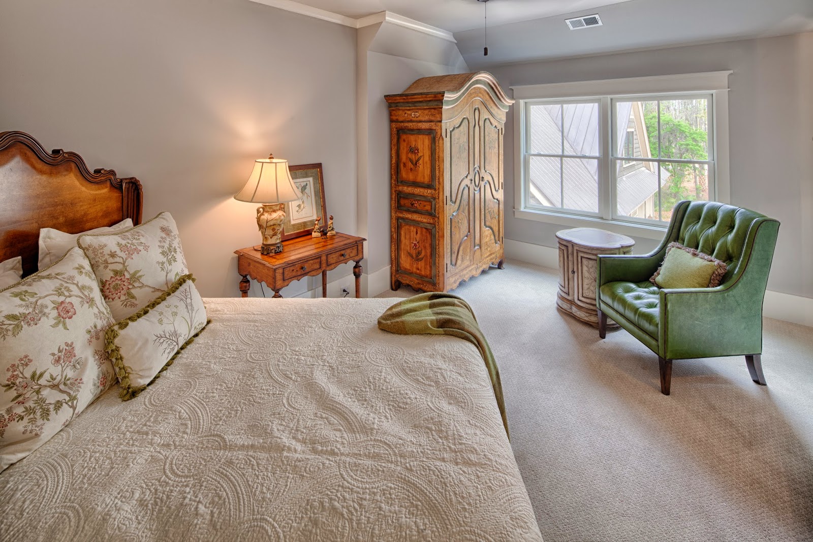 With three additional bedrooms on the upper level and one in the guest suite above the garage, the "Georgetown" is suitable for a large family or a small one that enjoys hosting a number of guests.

####################

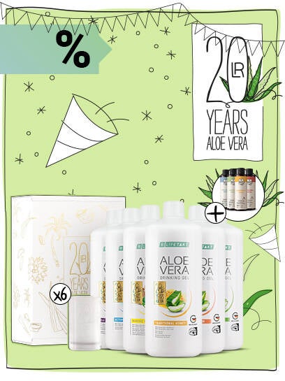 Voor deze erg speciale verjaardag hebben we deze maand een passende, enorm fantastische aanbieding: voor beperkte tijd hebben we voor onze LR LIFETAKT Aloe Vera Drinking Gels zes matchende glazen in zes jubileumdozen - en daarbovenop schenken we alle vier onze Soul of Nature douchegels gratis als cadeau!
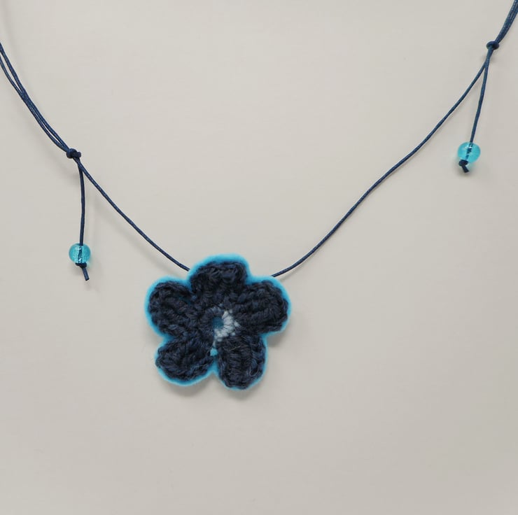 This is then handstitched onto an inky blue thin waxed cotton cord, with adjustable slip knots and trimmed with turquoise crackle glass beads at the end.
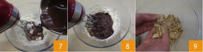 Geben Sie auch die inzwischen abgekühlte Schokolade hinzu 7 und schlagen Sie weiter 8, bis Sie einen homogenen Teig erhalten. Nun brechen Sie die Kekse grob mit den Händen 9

####################

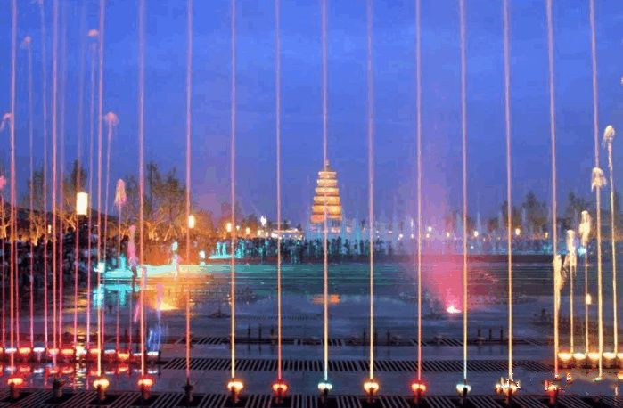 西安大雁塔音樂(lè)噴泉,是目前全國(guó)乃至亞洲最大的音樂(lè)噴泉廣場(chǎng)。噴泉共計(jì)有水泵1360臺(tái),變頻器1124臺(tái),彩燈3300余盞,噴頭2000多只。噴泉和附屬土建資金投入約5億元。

####################

Word for word, repeat the lines above from the one with "Voor deze erg" through the one with "This is then", and nothing beyond them. Omit the pictures.

 Voor deze erg speciale verjaardag hebben we deze maand een passende, enorm fantastische aanbieding: voor beperkte tijd hebben we voor onze LR LIFETAKT Aloe Vera Drinking Gels zes matchende glazen in zes jubileumdozen - en daarbovenop schenken we alle vier onze Soul of Nature douchegels gratis als cadeau!
 This is then handstitched onto an inky blue thin waxed cotton cord, with adjustable slip knots and trimmed with turquoise crackle glass beads at the end.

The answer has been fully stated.